Sammy Cox

Personal information
- Full name: Samuel Richmond Cox
- Date of birth: 13 April 1924
- Place of birth: Darvel, Scotland
- Date of death: 2 August 2015 (aged 91)
- Place of death: Stratford, Ontario, Canada
- Position: Right back

Senior career*
- Years: Team / Apps / (Gls)
- –: Darvel
- –: Glenafton Athletic
- 1942–1944: Queen's Park
- 1944–1945: Third Lanark
- 1945–1946: Dundee
- 1946–1956: Rangers / 208 / (14)
- 1956–1958: East Fife / 60 / (1)
- 1958–1959: Toronto Ulster United FC
- 1959–1960: Toronto Sparta

International career
- 1945: Scotland (wartime) / 1 / (0)
- 1948–1954: Scotland / 25 / (0)
- 1948–1953: Scottish League XI / 13 / (0)

= Sammy Cox =

Scottish footballer (1924–2015)

Samuel Richmond Cox (13 April 1924 – 2 August 2015) was a Scottish footballer who played for Queen's Park, Third Lanark, Dundee, Rangers, East Fife, Scotland and the Scottish League XI.

==Career==
===Club===
Cox was born in Darvel, Ayrshire, Scotland. He initially played for Queen's Park, Third Lanark and Dundee during World War II, joined Rangers in 1946 and played in the Scottish Football League when it recommenced play after the war.

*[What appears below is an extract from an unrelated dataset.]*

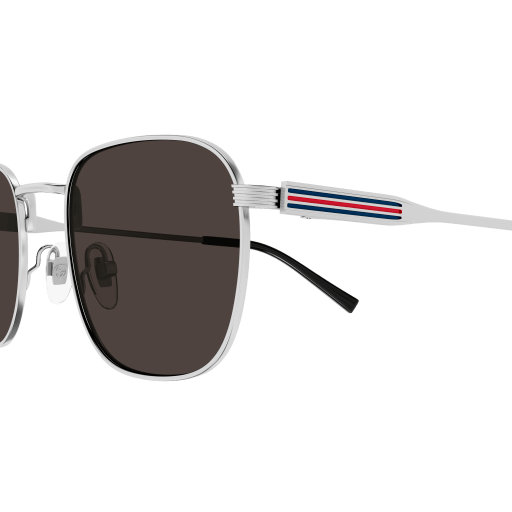 Commercial light metal styles with a sporty feel and web detail on temple. Squared shape. Gucci lettering logo – enameled web detail on the engraved lines on temple. Masculine yet cool and sporty colors.

A defender, Cox made his league debut for Rangers in a 4–2 win over Motherwell at the start of the 1946–47 season. He made a total of 13 league appearances in his first season, including a 4–1 win over Hamilton Academical in the last match, as Rangers beat Hibernian to clinch the League title. In the following season, 1947–48, Cox was an ever-present as Rangers finished second to Hibs in the league, but won the Scottish Cup after a 1–0 replay win over Morton. He also netted his first goal during the season, scoring in a 2–1 win over Clyde at Ibrox.

In season 1948–49, Rangers became the first club in Scottish football history to win the treble and Cox played an important role, playing in 43 of the 44 matches. Rangers retained the League title in season 1949–50, and Cox was once again an ever-present as Hibernian were edged out by one point. Rangers also retained the Scottish Cup, beating East Fife 3–0 at Hampden.

1950–51 was a disappointment for Rangers as they failed to register a trophy for the first time in five seasons. More disappointment followed as they were once again left trophyless in 1951–52, however Cox continued to be an important member of both the Rangers and Scotland teams. In season 1952–53, Rangers returned to domestic success as they won the League and Cup double with Cox featuring in 37 of the 48 matches; however, he missed out on the Scottish Cup final win over Aberdeen.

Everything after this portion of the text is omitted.